AIM OF THE TASK:
The exact lines of the listing, from its first through the line that contains "活动伊始,工作人员先通过元宵", are to make up the answer, and pictures are to be left out.
*** GIVEN RECORDS Section Begins ***
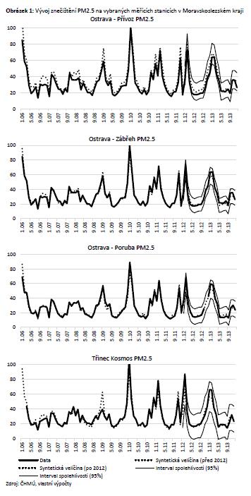 V našem případě jsme „nasyntetizovali“ časové řady koncentrací PM2.5 a PM10 na Ostravsku (syntetizovali jsme i další znečišťující látky, ale tyto dvě považujeme, s ohledem na cíle programu, za nejdůležitější). „Syntetický“ region je postaven na datech do 2012 (nebo podle toho, jaký rok vezmeme jako přelomový) včetně a kontrafaktuál (předpokládaný vývoj bez investic) je od ledna 2013 (či po přelomovém roce). Aby poskytla metoda kredibilní výsledky, je třeba, aby regrese na základě dat z jiných regionů dobře vysvětlila zkoumaný region do období 2012 (resp. ve zkoumaném období).
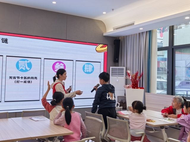 活动伊始,工作人员先通过元宵主题短片带领家长和孩子们一同了解元宵佳节的历史渊源与传统习俗。随后进行知识问答和猜灯谜环节,孩子们踊跃举手,争相回答关于元宵节的小知识,在欢声笑语中感受着传统文化的智慧与乐趣。
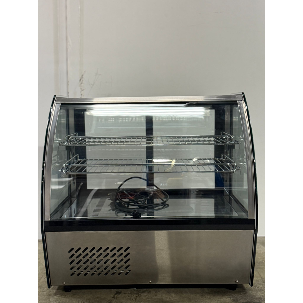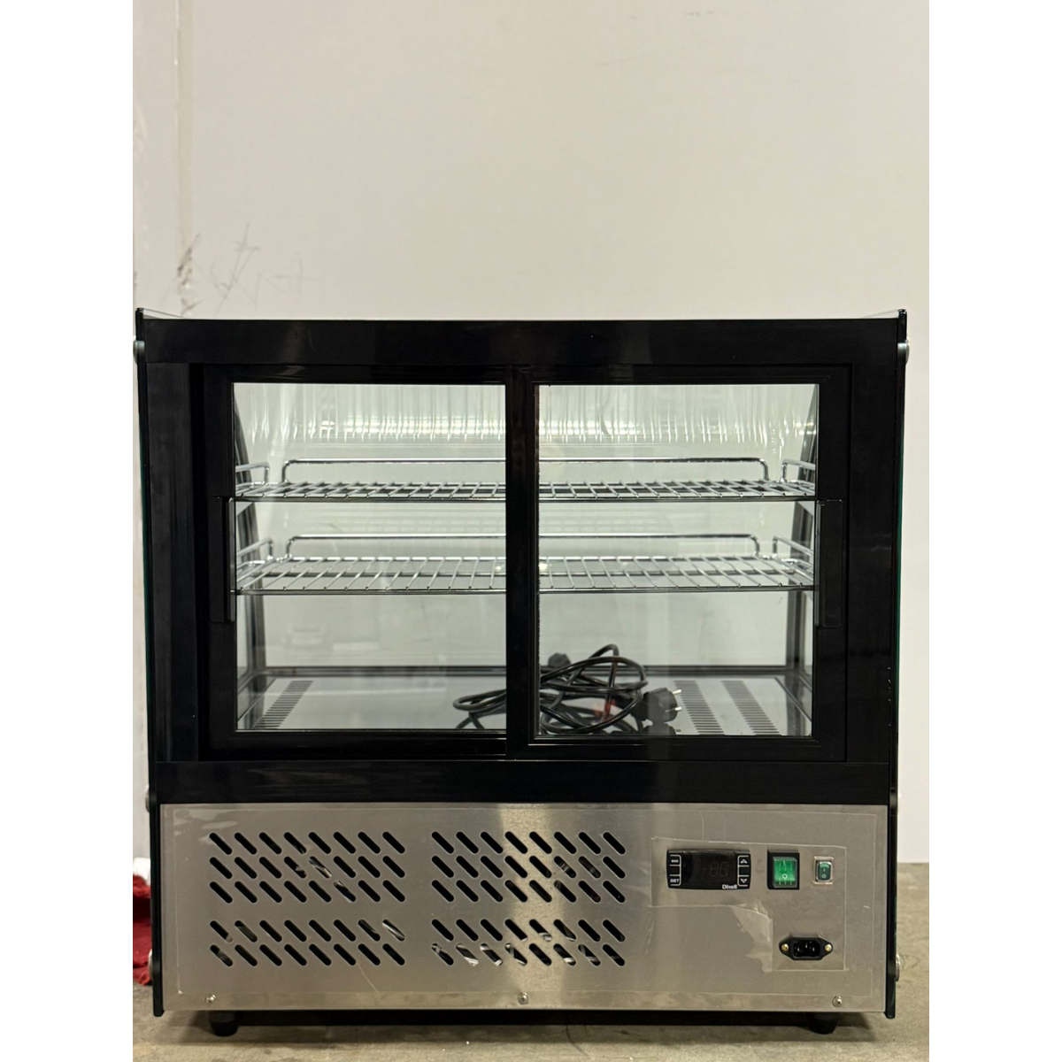 Käytetty pöytämallinen kylmävitriini sopii loistavasti kahviloihin, ravintoloihin ja myymälöihin. Kaareva etulasi ja lasiset sivupaneelit tuovat tuotteet selkeästi esiin ja tekevät vitriinistä visuaalisesti houkuttelevan. Sisätilan LED valaistus korostaa tuotteita ja parantaa myyntiä. Liukuovet laitteen takapuolella helpottavat täyttöä ja käyttöä kiireisessä arjessa. Laite on varustettu tuuletetulla jäähdytyksellä ja digitaalisella ohjauksella, mikä varmistaa tasaisen lämpötilan ja luotettavan toiminnan. Automaattinen sulatus ja kondenssiveden haihdutus vähentävät huollon tarvetta ja helpottavat päivittäistä käyttöä.
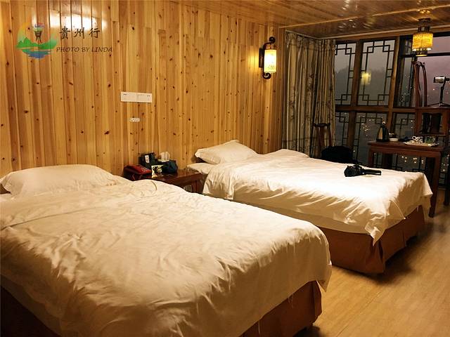 西江苗寨的客栈真的非常非常多,有选择困难症的就比较麻烦。提前在网上预定了西江嘎百福客栈的全景观景房,评价非常棒,距离观景台很近,房间内观景角度也很好。
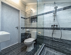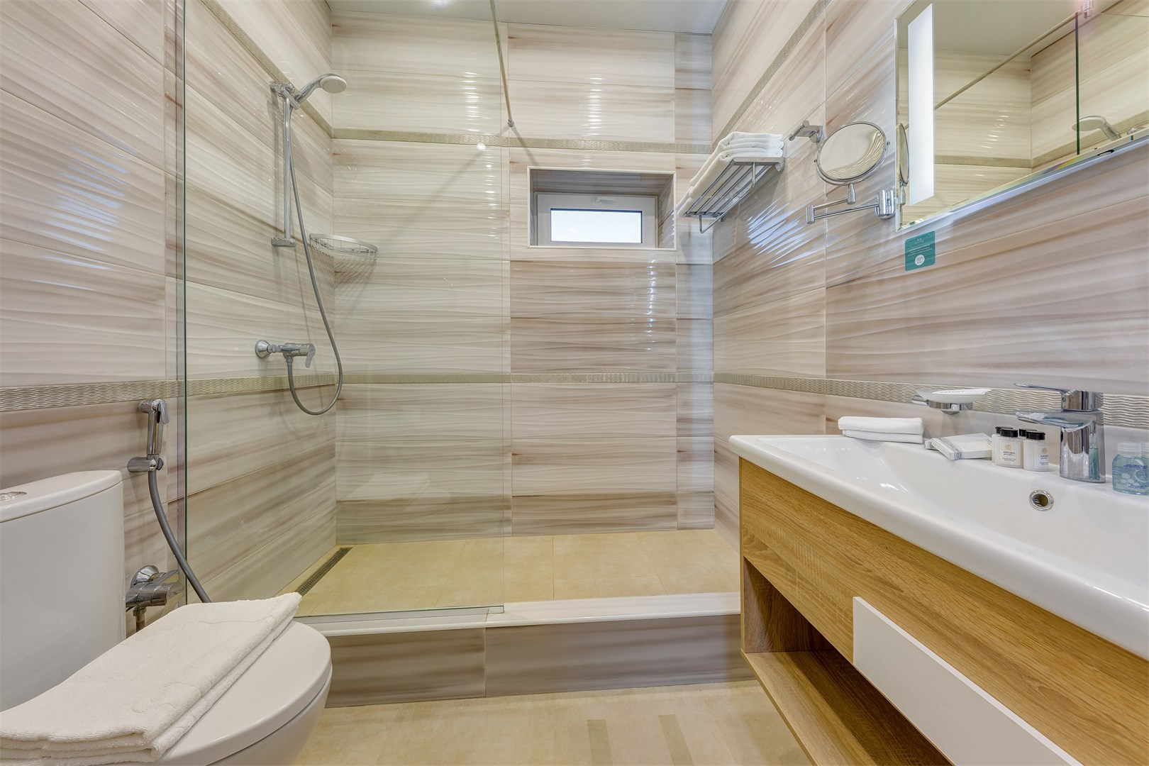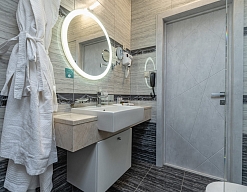 с душем, тапочки, туалетные принадлежности, фен, халат
*** GIVEN RECORDS Section Ends ***
ANSWER SPACE:
 V našem případě jsme „nasyntetizovali“ časové řady koncentrací PM2.5 a PM10 na Ostravsku (syntetizovali jsme i další znečišťující látky, ale tyto dvě považujeme, s ohledem na cíle programu, za nejdůležitější). „Syntetický“ region je postaven na datech do 2012 (nebo podle toho, jaký rok vezmeme jako přelomový) včetně a kontrafaktuál (předpokládaný vývoj bez investic) je od ledna 2013 (či po přelomovém roce). Aby poskytla metoda kredibilní výsledky, je třeba, aby regrese na základě dat z jiných regionů dobře vysvětlila zkoumaný region do období 2012 (resp. ve zkoumaném období).
 活动伊始,工作人员先通过元宵主题短片带领家长和孩子们一同了解元宵佳节的历史渊源与传统习俗。随后进行知识问答和猜灯谜环节,孩子们踊跃举手,争相回答关于元宵节的小知识,在欢声笑语中感受着传统文化的智慧与乐趣。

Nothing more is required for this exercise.